<巨人2-0阪神>◇29日◇東京ドーム

 阪神金本知憲外野手(44)のバットから快音が鳴り続けている。3年ぶりに3試合連続のマルチ安打。通算安打を2468本に伸ばし、歴代8位長嶋茂雄にあと3と迫った。気温の上昇とともに44歳は今、絶好調モードに突入。連敗ストップへ、G倒へ、アニキのバットに続け!

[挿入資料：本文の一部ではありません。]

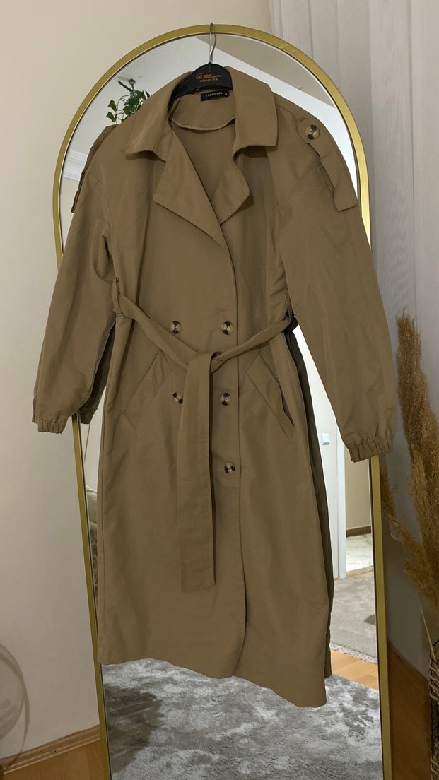 Bej renkli, uzun kesim kadın trençkot, düğmeli ve kuşaklıdır. Sentetik kumaştan üretilmiş, notched yaka ve elastik manşetli uzun kolludur. Rahat ve salaş kesimdir.

 金本が打席に立てば、チャンスが生まれた。勝利への活路を切り開き続けた4打席。得点にこそ結びつかなかったが、2日続けて5番を任された鉄人が、今、打線の中心がだれであるのかをはっきりと証明した。それほど充実していた。

 「カネの状態は上がってきている」

 前日の和田監督の言葉は正しかった。相手は巨人のエース内海。第1打席、内角球を右前にはじき返した。第2打席、今度は少し真ん中よりの球を中前へ運んだ。いずれも先頭打者としてチャンスをつくった。この時点で瞬間的に打率は3割となり、10年の開幕戦以来2年ぶりに3割を超えた。右肩蕀上(きょくじょう)筋断裂という選手生命さえ危うくした大ケガから金本が復活途上にある証しだった。

 ここ4試合は連続安打。しかも3年ぶりとなる3試合連続の複数安打をマークした。ここ最近の3カードで打率はジャスト5割。安打を量産し、通算でも2468安打とし、ミスタープロ野球・長嶋茂雄氏(76=巨人軍終身名誉監督)の記録にあと3本と迫った。ただ、ヒットや打率という、目に見える数字よりも、現在の金本の状態を示す1打席があった。6回、1死一、三塁の場面で内海から選んだ四球だ。片岡打撃コーチが言った。

 「あの四球が状態が上がっているということではないかな。体が止まっている証拠でしょう」

 カウント2-2から相手バッテリーは外角へのフォークで誘ってきた。だが、金本はこれを平然と見送った。フルカウントからも同じ球が来たが、微動だにせず。完全に相手を威圧して一塁へと歩いた。満塁とチャンスを拡大した。

 体だけではない。気迫もほとばしっていた。次打者城島の打球が遊撃へのゴロになると、猛然と二塁へスライディングした。結果的には併殺となったが、ユニホームの膝から下を真っ黒にした金本の姿から、勝利への執念がにじんでいた。今日こそ、勝利をたぐり寄せる。負けられない敵地での第3戦へ-。その背中が頼もしかった。【鈴木忠平】

 ▼金本の3試合連続マルチ安打は、09年4月16日中日戦~18日横浜戦以来3年ぶり。昨季4割6分7厘と打ち込んだ内海との相性の良さも健在だった。第2打席の安打で今季通算70打数21安打となり、打率3割ジャストに(第4打席で凡退し2割9分6厘に後退)。金本の打率3割台は、10年の開幕戦3月26日横浜戦で3打数1安打した3割3分3厘以来。2試合以上を消化した時点に限れば、09年5月31日日本ハム戦終了時の3割ちょうど以来だった。